New research has clocked the human brain as being able to process entire images flashed before the eyes in as little as 13 milliseconds. The evidence is the first of such rapid processing speed and faster than the processing speed the brain is capable of suggested by other studies.
For the study, which was conducted by researchers at Massachusetts Institute of Technology, research participants were asked to look for a particular type of image, such as picnic or a smiling couple, as they were shown a rapid series of images. Study subjects were shown a series of either six or 12 images, each presented for between 13 milliseconds and 80 milliseconds.
Even when an image was shown for as little as 13 milliseconds, the subjects were able to process it, the researchers learned.
"The fact that you can do that at these high speeds indicates to us that what vision does is find concepts. That's what the brain is doing all day long - trying to understand what we're looking at," said senior study author Mary Potter, an MIT professor of brain and cognitive sciences.

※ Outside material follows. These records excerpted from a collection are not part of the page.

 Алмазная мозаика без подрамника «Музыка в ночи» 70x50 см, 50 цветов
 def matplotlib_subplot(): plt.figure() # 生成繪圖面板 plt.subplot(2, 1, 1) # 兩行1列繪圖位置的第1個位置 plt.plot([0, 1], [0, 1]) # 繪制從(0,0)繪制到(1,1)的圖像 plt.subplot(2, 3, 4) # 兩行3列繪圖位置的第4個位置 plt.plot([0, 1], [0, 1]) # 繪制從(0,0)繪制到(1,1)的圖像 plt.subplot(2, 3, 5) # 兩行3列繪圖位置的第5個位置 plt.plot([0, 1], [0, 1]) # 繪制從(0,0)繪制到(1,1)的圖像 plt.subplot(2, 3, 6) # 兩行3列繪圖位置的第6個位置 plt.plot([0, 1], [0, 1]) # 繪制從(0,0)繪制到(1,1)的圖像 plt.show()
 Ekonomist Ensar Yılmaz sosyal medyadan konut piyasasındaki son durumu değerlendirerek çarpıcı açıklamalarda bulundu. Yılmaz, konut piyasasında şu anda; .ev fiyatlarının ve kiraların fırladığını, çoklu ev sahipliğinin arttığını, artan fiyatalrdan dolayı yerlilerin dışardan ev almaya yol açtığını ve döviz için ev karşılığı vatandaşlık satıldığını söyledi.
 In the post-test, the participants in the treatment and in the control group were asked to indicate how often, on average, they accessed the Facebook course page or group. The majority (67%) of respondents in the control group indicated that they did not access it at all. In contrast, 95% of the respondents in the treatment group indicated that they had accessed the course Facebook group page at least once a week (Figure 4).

"The job of the eyes is not only to get the information into the brain, but to allow the brain to think about it rapidly enough to know what you should look at next. So in general we're calibrating our eyes so they move around just as often as possible consistent with understanding what we're seeing," Potter said.
As Potter and her colleagues were conducting the research, they gradually increased the speed at which participants were shown the images until the subjects' answers were no better than if they were just guessing.

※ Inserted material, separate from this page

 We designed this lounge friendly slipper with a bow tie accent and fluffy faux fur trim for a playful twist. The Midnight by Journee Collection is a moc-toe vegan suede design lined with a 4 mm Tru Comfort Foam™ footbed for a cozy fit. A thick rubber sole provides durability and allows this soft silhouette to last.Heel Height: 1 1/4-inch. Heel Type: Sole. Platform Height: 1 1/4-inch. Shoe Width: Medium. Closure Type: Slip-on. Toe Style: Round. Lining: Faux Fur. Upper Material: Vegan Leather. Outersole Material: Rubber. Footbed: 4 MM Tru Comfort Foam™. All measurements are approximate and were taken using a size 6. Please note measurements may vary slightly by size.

The team expected to see a dramatic decline in test performance around the 50 millisecond mark because of prior research that suggested that it took at least that long for the brain to process an image.
While performance did decline overall as the time subjects were shown images decreased from 50 milliseconds, subjects continued to perform better than chance on the tests until they were shown images for as little as 13 milliseconds, which was the fastest speed the computer monitor being used for the study could show an image.
The researchers suggest that even when presented for as little as 13 milliseconds, the human brain is capable of processing and storing that information for later recall.
"If images were wiped out after 13 milliseconds, people would never be able to respond positively after the sequence. There has to be something in the brain that has maintained that information at least that long," Potter said.
Potter and her colleagues' work appears in the journal Attention, Perception, and Psychophysics.